Step 5: Add Evaluation Layers Incrementally
- Start with deterministic unit tests (Layer 1)
- Add record-and-replay integration tests (Layer 2)
- Implement pass@k benchmark evals when ready (Layer 3)
- Reserve LLM-as-judge for subjective quality assessment (Layer 4)
11. Open Challenges
- The feature development gap: Best agents solve only 11% of FeatureBench vs 74% on SWE-bench
- Long-term maintenance regression: Zero-regression rates below 25% for most models during sustained development
- The oracle problem: Who verifies the specification (test) is correct when AI writes both code and tests?
- Statistical evaluation tooling: No mainstream tools offer confidence intervals or formal statistical aggregation for agent eval results
- Cross-model regression detection: How to systematically detect behavioral regressions when model providers update weights
- Visual and multimodal testing: 73% performance drop when images are involved
12. Key Principles (Summary)
- Tests are the primary interface between human intent and agent behavior. They function as specifications, feedback signals, and verification mechanisms simultaneously.

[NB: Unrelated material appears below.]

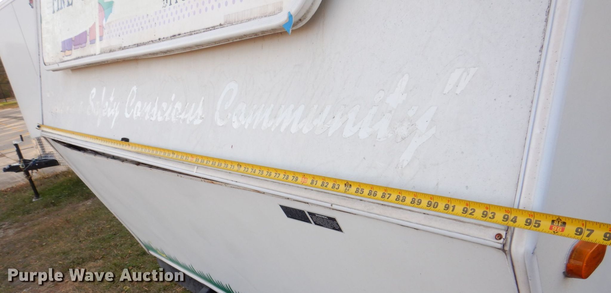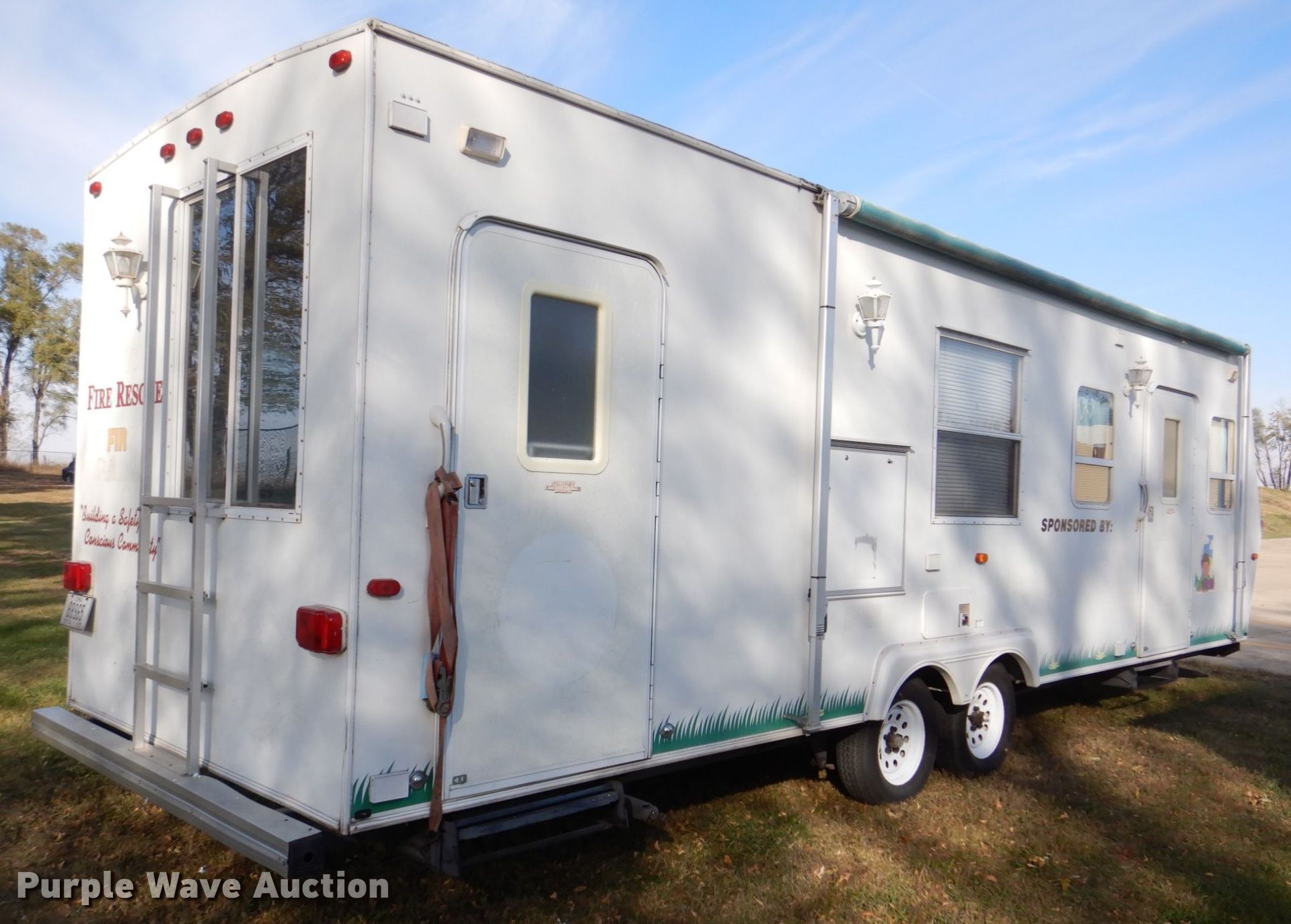 1999 Sury 30LTD1 fire safety camper. Camper length: 30' 8", VIN: 0316LTD19X9300269. Chassis Axles: Tandem, Suspension: Spring, Brakes: Electric. Interior Kitchen: Microwave, Stove: Propane, Beds: 1 Bed type: Twin, TVs: 1, Heater, AC units: 1. Features Awnings: 1 Awning type: Manual, Ball hitch: 2 5/16". Tires Size: 215/75R15. Iowa title. Title distribution may be delayed up to 14 days from verification of funds. Waterloo Fire Rescue. 1925 Newell Street. Waterloo, IA 50707

- The testing pyramid must be restructured around uncertainty tolerance, not test granularity.
- Harness quality determines agent quality. Model capabilities are necessary but not sufficient.
- Context over instruction. Agents benefit more from targeted contextual information than from verbose procedural instructions.
- Specification must be executable. Static documentation drifts; executable specifications enforce compliance mechanically.
- Grade outcomes, not paths. Testing specific sequences is brittle; test end states.
- Start with failures. Turn real production failures into eval tasks.
- Keep infrastructure lightweight. Every model release changes the optimal structure — design for replaceability.